Member of the Senate of Ceylon
- In office 1947–1971

Personal details
- Born: 11 February 1904 Anaikoddai, Ceylon
- Died: 21 December 1986 (aged 82)
- Party: Independent
- Alma mater: Ceylon University College
- Profession: Lawyer
- Ethnicity: Sri Lankan Tamil

= S. Nadesan =

Sri Lankan Tamil lawyer and civil rights activist

Somasundaram Nadesan, QC (சோமசுந்தரம் நடேசன்; 11 February 1904 - 21 December 1986) was a leading Sri Lankan Tamil lawyer, civil rights activist and member of the Senate of Ceylon.

==Early life and family==
Nadesan was born on 11 February 1904 in Anaikoddai in northern Ceylon. His father was a school administrator and Nadesan was educated at Jaffna Hindu College before entering Royal College, Colombo on a Governor's scholarship. After school he joined Ceylon University College before proceeding to Ceylon Law College, qualifying as an advocate of the Supreme Court in 1932.

==Career==
Nadesan started practising law in the 1930s. His practice became very successful and Nadesan appeared in some of the most famous legal cases in Ceylonese history: Abdul Aziz sedition (1943); Abdul Aziz criminal trespass (1959); Press Council Bill (1972); Pavidi Handa (Voice of Clergy) fundamental review (1982); Saturday Review/Aththa ban fundamental review (1983); Paul Nallanayagam treason case (1986). He served on the bar for 55 years and was made a Queen's Counsel in 1954. He was president of the Bar Council from 1970 to 1972.

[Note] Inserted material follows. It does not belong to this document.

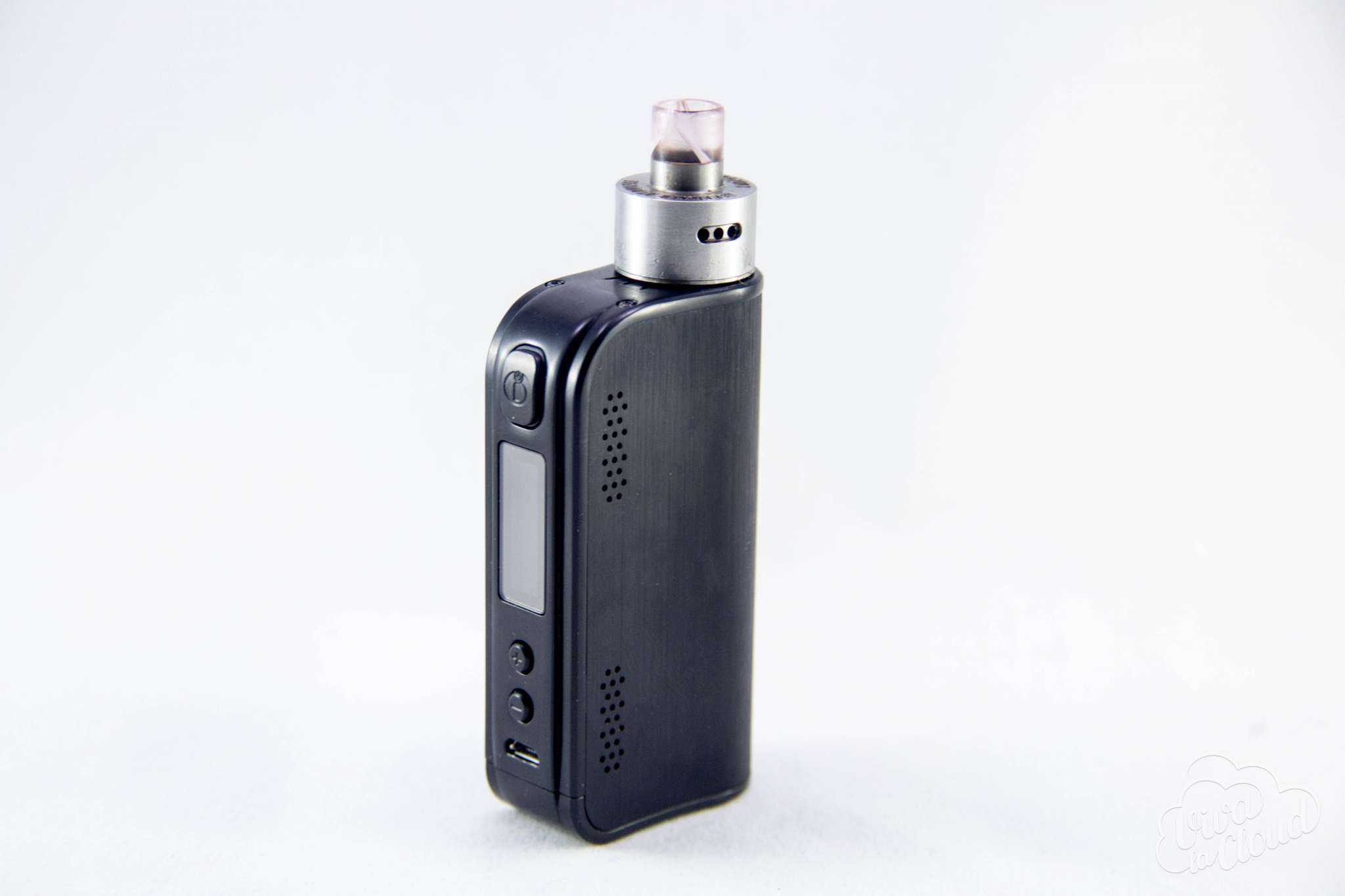 Также боксмод неплохо смотрится со многими атомайзерами. Например: Origen Dripper, Aspire Cleito, Royal Hunter Mini и Derringer:

Following the problems caused by the Sinhala Only Act Nadesan wrote a series of articles Sunday Observer in which he argued that conflict between the Sinhalese and Tamil nations could only be resolved by democratic principles such as bilingualism, federalism, regional autonomy and constitutional safeguards for minorities. He dismissed the suggestion that federalism could lead separation, saying that separatist movements only took root in unitary states.

Nadesan was elected to the Senate of Ceylon in 1947 after being nominated by independent members of the House of Representatives. He was appointed to National Flag Committee in 1949 and was the sole member of the committee who opposed the new flag design which he said would be "a symbol of disunity", having the two stripes, representing the country's minorities, outside the lion flag. In the senate he took part in debates on social and labour legislation, the national question, minority rights and citizenship of plantation workers. His most famous speech in the senate was that in April 1971 following the start of the Janatha Vimukthi Peramuna insurrection. When the constituent assembly was established in 1971 Nadesan was highly critical of the draft new constitution, particularly its inadequate protection of minority rights. Except for a two-year period, he remained a member of the senate until it was abolished in 1971.

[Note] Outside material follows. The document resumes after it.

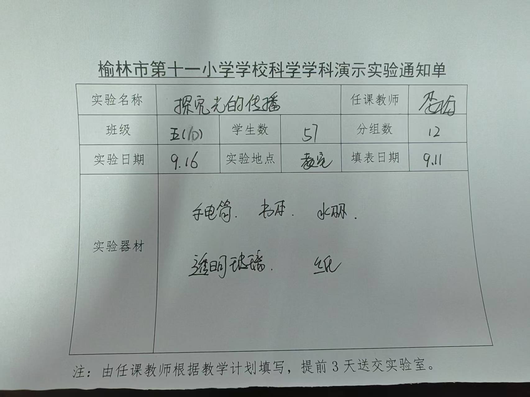 实验登记表

Despite his passionate defence of minority rights Nadesan remained aloof of Tamil nationalistic politics and was critical of the Vaddukoddai Resolution. The political violence of the 1970s/1980s forced Nadesan to move away from politics and towards human rights protection. He was a founding member of the Civil Rights Movement in 1971 and received the Peter Pillai Foundation award in 1983 for his promotion of social justice and the protection under privileged in society. In 1980 Nadesan was tried, and acquitted, for breach of parliamentary privileges. He died on 21 December 1986 aged 82.